After Brexit, will patients get the medicines they need?
21.03.19
Since the UK public voted to leave the European Union, the potential impact on our healthcare systems has begun to loom large. For most sectors, the issues around Brexit are economic. But medicines are different. As the research-based pharmaceutical industry, the medicines we make improve the quality of life, often save the lives of patients in the UK and across Europe. For us, the primary concern around Brexit has always been patient safety and public health, in particular the uninterrupted supply of medicines to patients in the 27 EU Member States and the United Kingdom.
The scale of the task should not be underestimated, around 1 billion packs of medicines cross the UK-EU border each year. That’s around 45 million per month from the UK to the EU and 37 million in the other direction. As the long-running political uncertainty around the future relationship between the UK and the EU continues, our industry has committed to planning for every outcome.
In practice it has meant companies preparing in earnest for a “no deal” scenario. Every company, has made changes to product supply chains as a consequence of Brexit. This includes stockpiling medicines, duplicating drug testing, transferring licences and making plans to ship drugs to and from the EU on ferries leased by the UK government via six new port routes. Medical isotopes for cancer treatment and other supplies with a short shelf life may be transferred by plane in what is one of the biggest supply-chain logistics challenges our industry and our health service partners have ever faced.
Despite these intensive preparations, leaving under a no deal, without a transition period would overnight take the UK out of a regulatory, patient safety, medicines supply and clinical research framework that has taken decades to evolve. Whatever the actions taken by our industry, getting medicines to patients involves a wide range of actors from regulatory bodies to transport companies, wholesalers to governments.
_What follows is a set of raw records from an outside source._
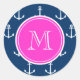 Sticker Rond Ancres Bleu Marine Motif, Monogramme Rose Chaud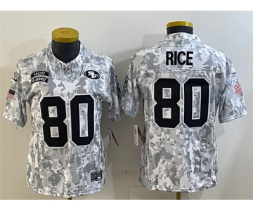 Women's San Francisco 49ers #80 Jerry Rice 2024 F.U.S.E. Arctic Camo Salute to Service Limited Football Stitched Jersey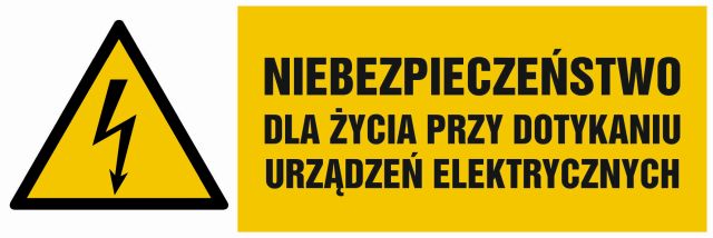 Znak Niebezpieczeństwo dla życia przy dotykaniu urządzeń elektrycznych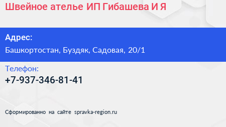 Швейное ателье, ИП Гибашева И.Я. по адресу Башкортостан, Буздяк, Садовая, 20/1 в дальнейшем Организация, размещена в следующих категориях:
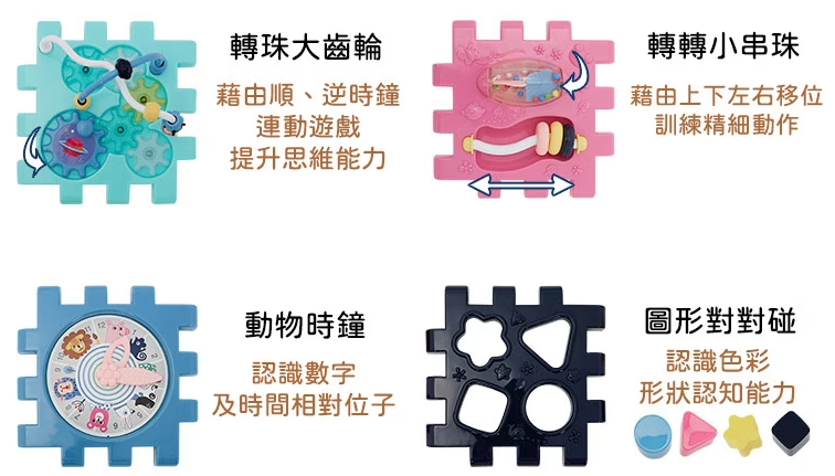 - 六面遊戲設計:整合觸覺、視覺、聽覺,提升手眼協調、大小肌肉與認知力

Considering the urgency and the importance of medicines to all our health, we have been concerned by a certain lack of focus, outside of our industry, on protecting medicines supply. We have witnessed positive action in areas such as fisheries, transport and financial services but more needs to be done to protect public health and the supply of medicines to patients.
There are some key actions that should be taken immediately. Despite companies’ best efforts, where the transfer of medicines testing from the UK to the EU cannot be completed by the 30 March 2019, then the EU and its Member States should allow the use of medicines currently quality tested in the UK. Similarly, medical devices used in conjunction with medicines that currently hold UK certified CE marks, should be made available to use in the EU in the short term. While the situation at the EU-UK border remains unclear, two-thirds of the pharma companies indicated that border disruption remained their biggest concern. As a consequence steps should be taken to prioritise medicines, active pharmaceutical ingredients, raw and clinical trial materials.
The European Commission and European Medicines Agency have said that any action to resolve the issues is a matter for Member States. Different countries are taking different approaches, however, it is our belief that action at the EU level is the simplest and most consistent route to secure the necessary temporary flexibility on behalf of the Member States in the best interests of patients and public health. Now is the time for action.